Perhaps you pulled back from Jesus’ offer like St. Thomas did when the apostles told him Jesus had risen. Perhaps it is too much to think that Jesus could or would do something like that. It is! That is why his death and resurrection are unthinkable. That God would die for a sinner is unthinkable. However, in His mercy, He promised to do this from the very first sin. In the Garden of Eden, he encountered Adam and Eve in their guilt and said to them:

“I will put enmity between you and the woman, and between your offspring and hers; they will strike at your head, while you strike at their heel.”  Genesis 3:15

Charming.  As strange as this verse sounds, it is in God’s punishment— His act of justice—of Adam and Eve for eating the forbidden fruit that he promises to save them. The Fathers of the Church have interpreted this verse as the protoevangelium or “the first gospel.” This is the first promise in Scripture of a savior. God is saying here that the offspring of humankind, of which God became, will strike the devil and defeat him.
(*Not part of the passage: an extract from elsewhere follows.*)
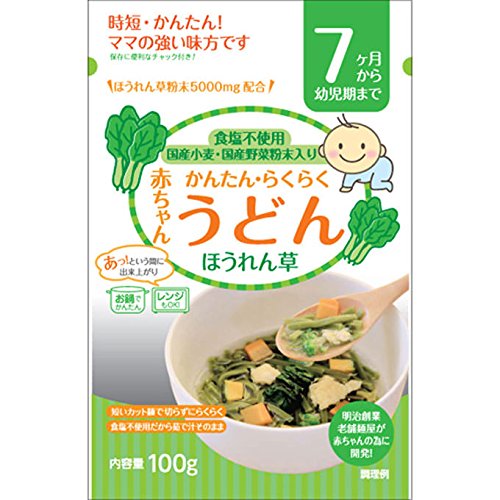 ●【商品説明】●「赤ちゃんうどん ほうれん草 (7ヶ月から幼児期まで) 100g」は、明治創業の老舗麺屋が赤ちゃんの為に開発したうどんです。●食塩を使用せず、国産小麦と野菜粉末だけで作りました。●(小麦粉100g中に5gのほうれん草粉末が練り込まれています。●)食塩不使用・無着色なので、茹で汁を捨てずにお鍋一つで調理できます。●お好みのダシや具材と一緒に煮込んでください。●短いカット麺で切らずにラクラク。●電子レンジでも調理ができるのでカンタンです。●7ヶ月頃から幼児期まで、幅広くご利用頂けます。●本品は食品衛生法に基づく乳児用食品の規格基準が適用される食品です。●賞味期限等の表記について西暦年/月の順番でパッケージに記載。●【お問い合わせ先】●製造者田靡製麺株式会社 白浜工場TEL:079-245-0425受付時間 9:00-17:00 土日祝を除く●【原産国】●日本●【原材料名・栄養成分等】●名称:うどん●原材料名:小麦粉、ほうれん草粉末●栄養成分表示:100gあたりエネルギー:342kcal、たんぱく質:10.6g、脂質:0.7g、炭水化物:7...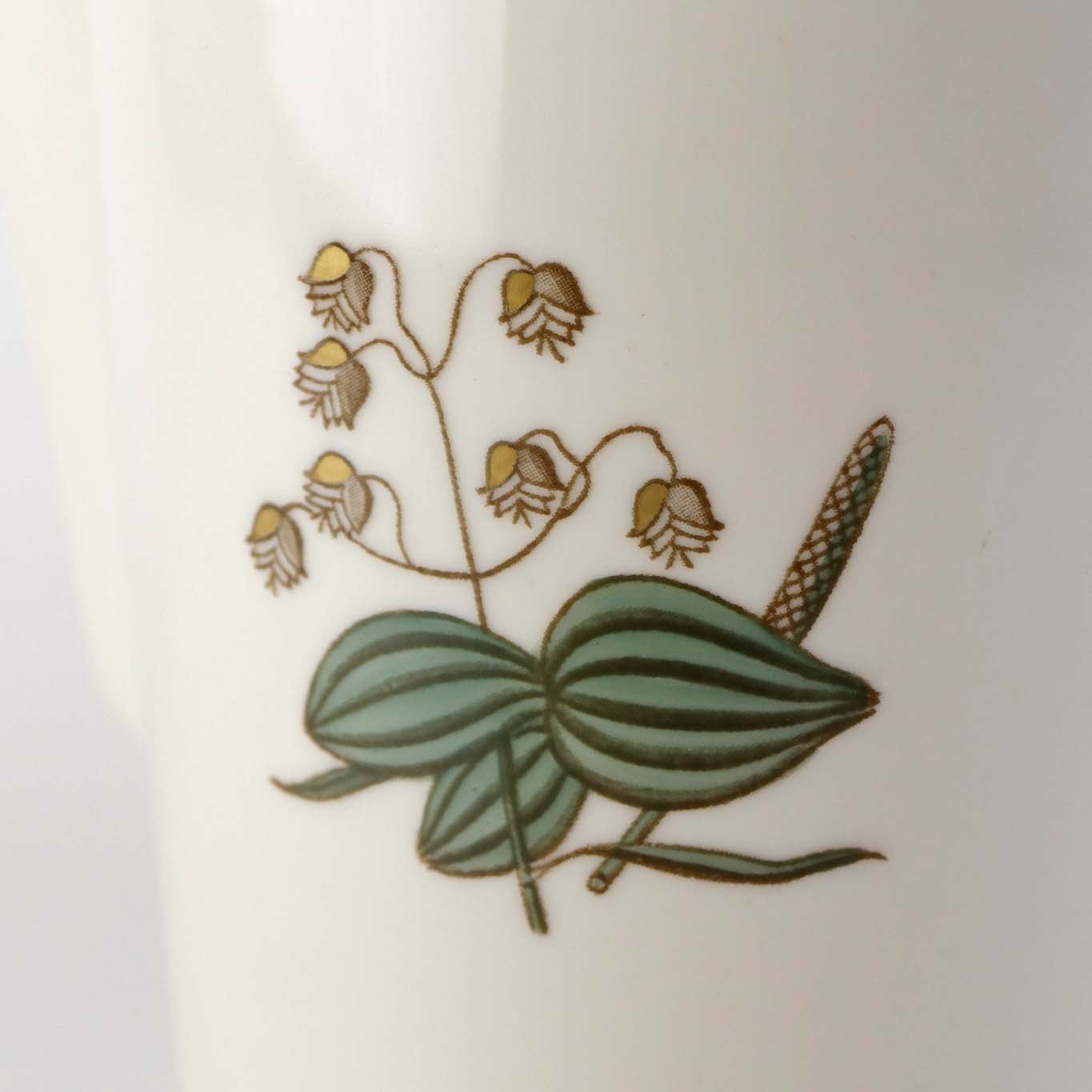 Stel i glat råhvidt porcelæn dekoreret med lysegrøn stribe og guldkant samt motiv af hjertegræs.

God’s plan from the beginning was for all of us to be in communion with Him (or Them, the Holy Trinity). Our sin did not thwart the plan. Rather, it allowed for God’s mercy and love to be known in greater depths than ever imaginable. This is not to say that God uses our sin to show His love, or that God erases our past as if the suffering did not matter. This is sometimes called Justification.  We get justified by God via Jesus. It becomes that we live free, and just-as-if-I’d-never sinned. We are justified by a merciful God. It cost God to act in this way for us. The suffering mattered, and He felt it on the Cross, and we can unite our suffering to His to find the strength to bear it. Suffering can only be redemptive because Jesus overcame it.

God does not just functionally use us. If He wanted to use us, then he never would have given us free will and sin would not exist. We would operate more like robots or computers rather than human beings. God cannot be a loving, merciful God if He uses His creatures— because true love is given and received in freedom.  Being forced to love someone is not love, it is servitude. Therefore, God does not use our sins because he loves us. Rather than using it, he chooses to meet us in the suffering caused by our sin and bear the suffering with us. Isn’t that the mark of true love, when someone sits with you in your darkest moments rather than leaving you for someone more fun? And going even further, rather than allowing our sin to destroy us, God recreates us in His new and resurrected life. This is mercy—to give beyond what is deserved. We only deserve God’s justice, and He cannot help but shower us with mercy.

Let me quote here something on God’s mercy as written by Pope John Paul II. It is of Misericordias Domini in aeternum cantabo.”

Dives in Misericordia, 8

“Here is the Son of God, who in his resurrection experienced in a radical way mercy shown to himself; that is to say the love of the Father which is more powerful than death. And it is also the same Christ, the Son of God, who at the end of his messianic mission—and, in a certain sense, even beyond the end—reveals himself as the inexhaustible source of mercy, of the same love that, in a subsequent perspective of the history of salvation in the Church, is to be everlastingly confirmed as more powerful than sin. The paschal Christ is the definitive incarnation of mercy, its living sign in salvation history and in eschatology. In the same spirit, the liturgy of Eastertide places on our lips the words of the Psalm: “

In conclusion, it is when we have opened our wounded hearts to the merciful heart of Jesus and received the unfathomable gift of His resurrected life, that we can exclaim (too) with St. Thomas, “My Lord and my God!”